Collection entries
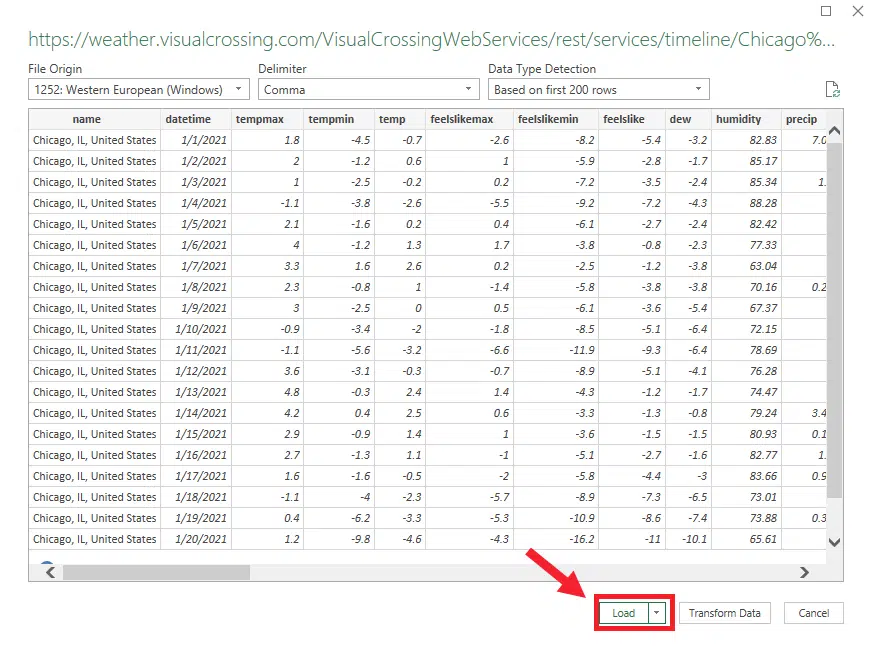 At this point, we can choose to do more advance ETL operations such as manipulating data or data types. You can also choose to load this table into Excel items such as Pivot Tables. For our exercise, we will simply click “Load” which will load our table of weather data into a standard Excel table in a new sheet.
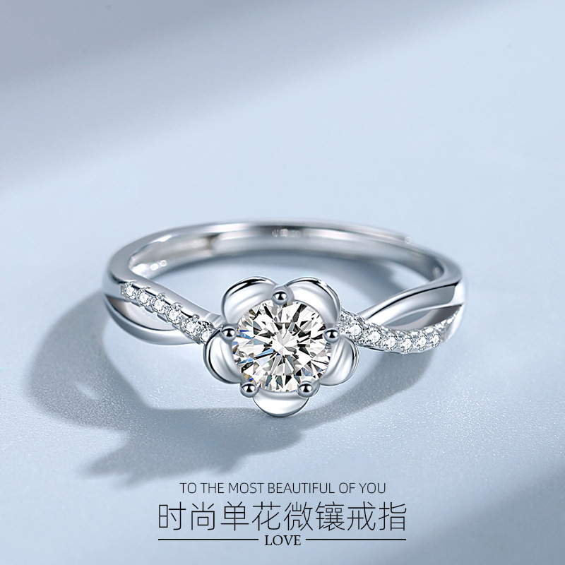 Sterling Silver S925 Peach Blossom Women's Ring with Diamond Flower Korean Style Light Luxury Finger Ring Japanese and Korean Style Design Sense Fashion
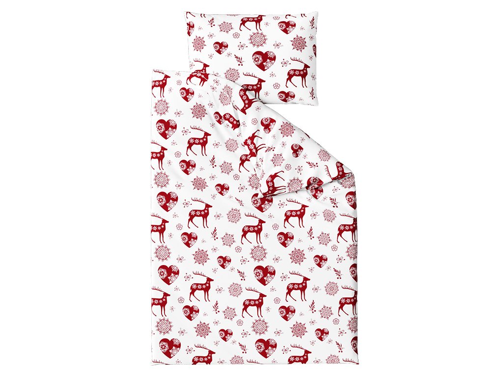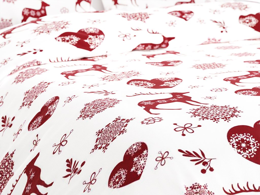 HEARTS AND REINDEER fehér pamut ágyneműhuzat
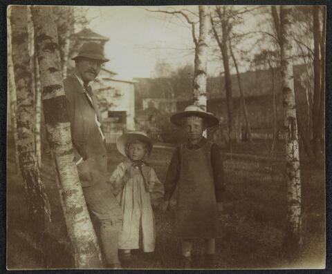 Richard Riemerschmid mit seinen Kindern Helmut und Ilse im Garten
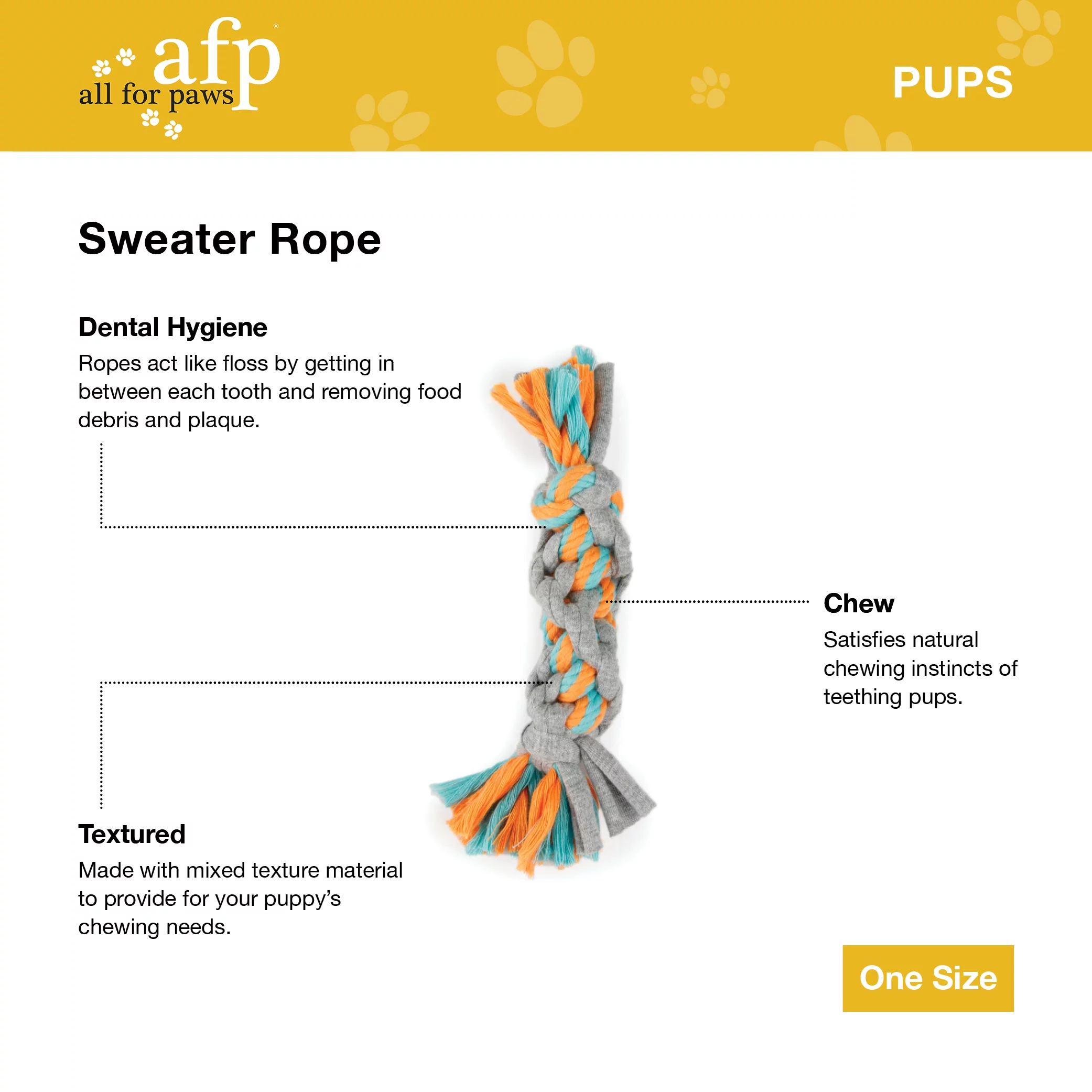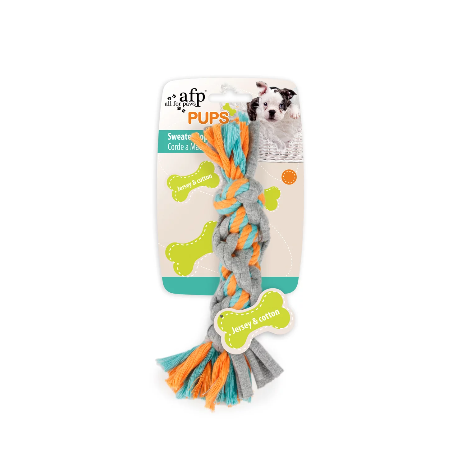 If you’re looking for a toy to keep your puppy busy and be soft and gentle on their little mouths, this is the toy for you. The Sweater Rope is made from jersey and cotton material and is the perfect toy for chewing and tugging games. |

Action item. Take the records above from the line with "Sterling Silver S925" down to their last line and please copy those lines exactly, without the pictures.

Problem solution.
 Sterling Silver S925 Peach Blossom Women's Ring with Diamond Flower Korean Style Light Luxury Finger Ring Japanese and Korean Style Design Sense Fashion
 HEARTS AND REINDEER fehér pamut ágyneműhuzat
 Richard Riemerschmid mit seinen Kindern Helmut und Ilse im Garten
 If you’re looking for a toy to keep your puppy busy and be soft and gentle on their little mouths, this is the toy for you. The Sweater Rope is made from jersey and cotton material and is the perfect toy for chewing and tugging games. |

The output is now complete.